Benjamin Ramtoula; Pierre-Yves Lajoie; Paul Newman; Daniele De Martini

Fantastic Features and Where to Find Them: A Probing Method to combine Features from Multiple Foundation Models

Benjamin Ramtoula, Pierre-Yves Lajoie, Paul Newman, Daniele De Martini

Published: 18 Sept 2025, Last Modified: 29 Oct 2025NeurIPS 2025 posterEveryoneRevisionsBibTeXCC BY 4.0

Keywords: Transfer learning, Feature extraction, Adaptation models, Representation learning

TL;DR: We introduce a new probing architecture capable of efficiently combining features from multiple pre-trained vision foundation models.

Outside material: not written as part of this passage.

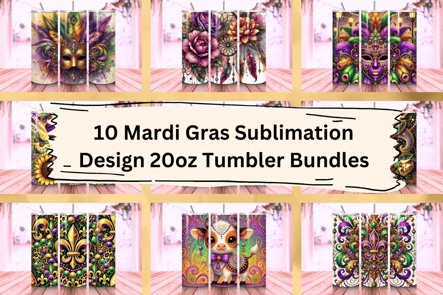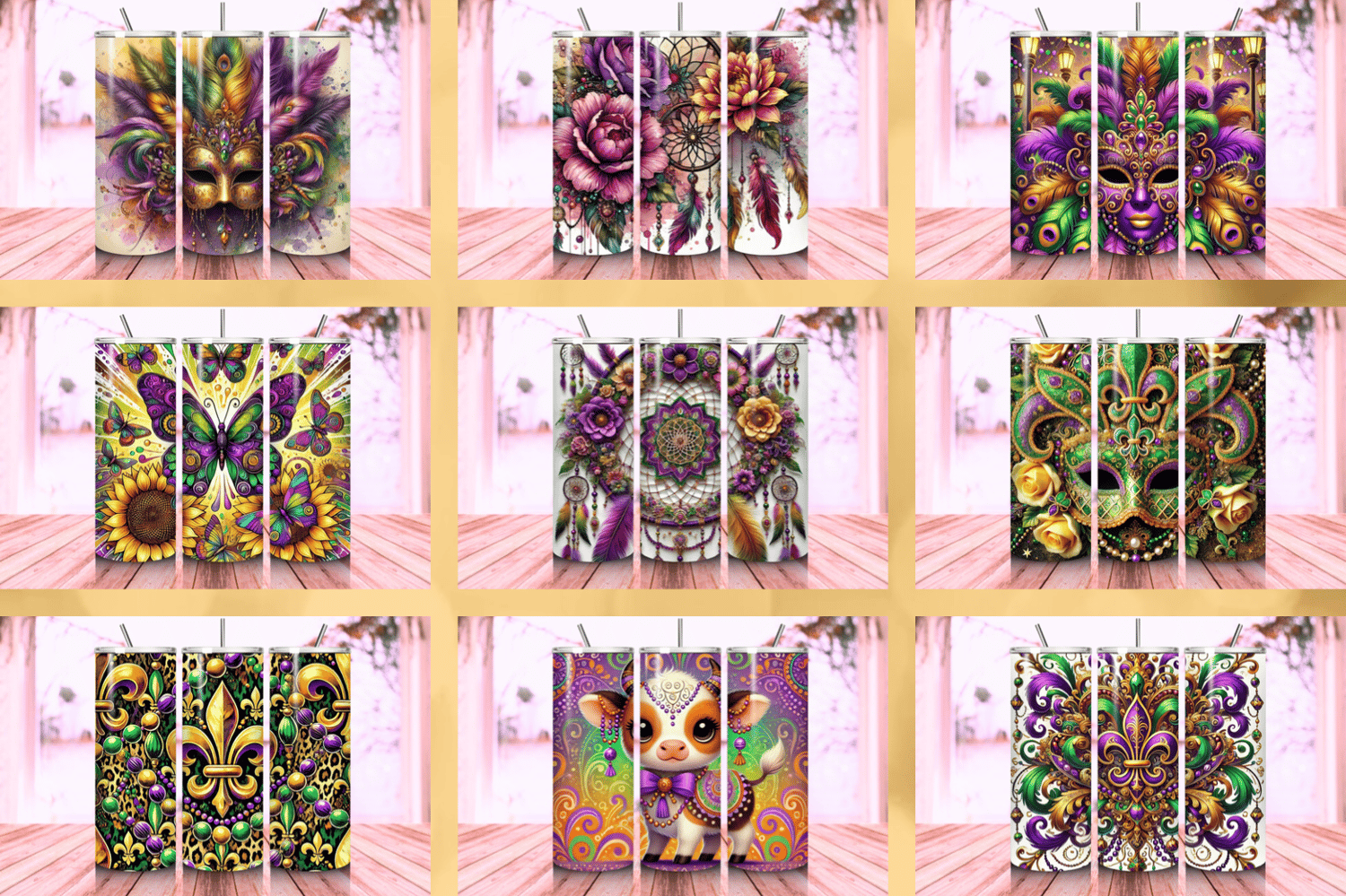 Add versatility and festive charm to your Mardi Gras collection with this 10-design tumbler bundle, perfect for crafting tumblers that capture the vibrant spirit of Carnival!

Abstract: Foundation models (FMs) trained with different objectives and data learn diverse representations, making some more effective than others for specific downstream tasks. Existing adaptation strategies, such as parameter-efficient fine-tuning, focus on individual models and do not exploit the complementary strengths across models. Probing methods offer a promising alternative by extracting information from frozen models, but current techniques do not scale well with large feature sets and often rely on dataset-specific hyperparameter tuning. We propose Combined backBones (ComBo), a simple and scalable probing-based adapter that effectively integrates features from multiple models and layers. ComBo compresses activations from layers of one or more FMs into compact token-wise representations and processes them with a lightweight transformer for task-specific prediction. Crucially, ComBo does not require dataset-specific tuning or backpropagation through the backbone models. However, not all models are equally relevant for all tasks. To address this, we introduce a mechanism that leverages ComBo’s joint multi-backbone probing to efficiently evaluate each backbone’s task-relevance, enabling both practical model comparison and improved performance through selective adaptation. On the 19 tasks of the VTAB-1k benchmark, ComBo outperforms previous probing methods, matches or surpasses more expensive alternatives, such as distillation-based model merging, and enables efficient probing of tuned models. Our results demonstrate that ComBo offers a practical and general-purpose framework for combining diverse representations from multiple FMs.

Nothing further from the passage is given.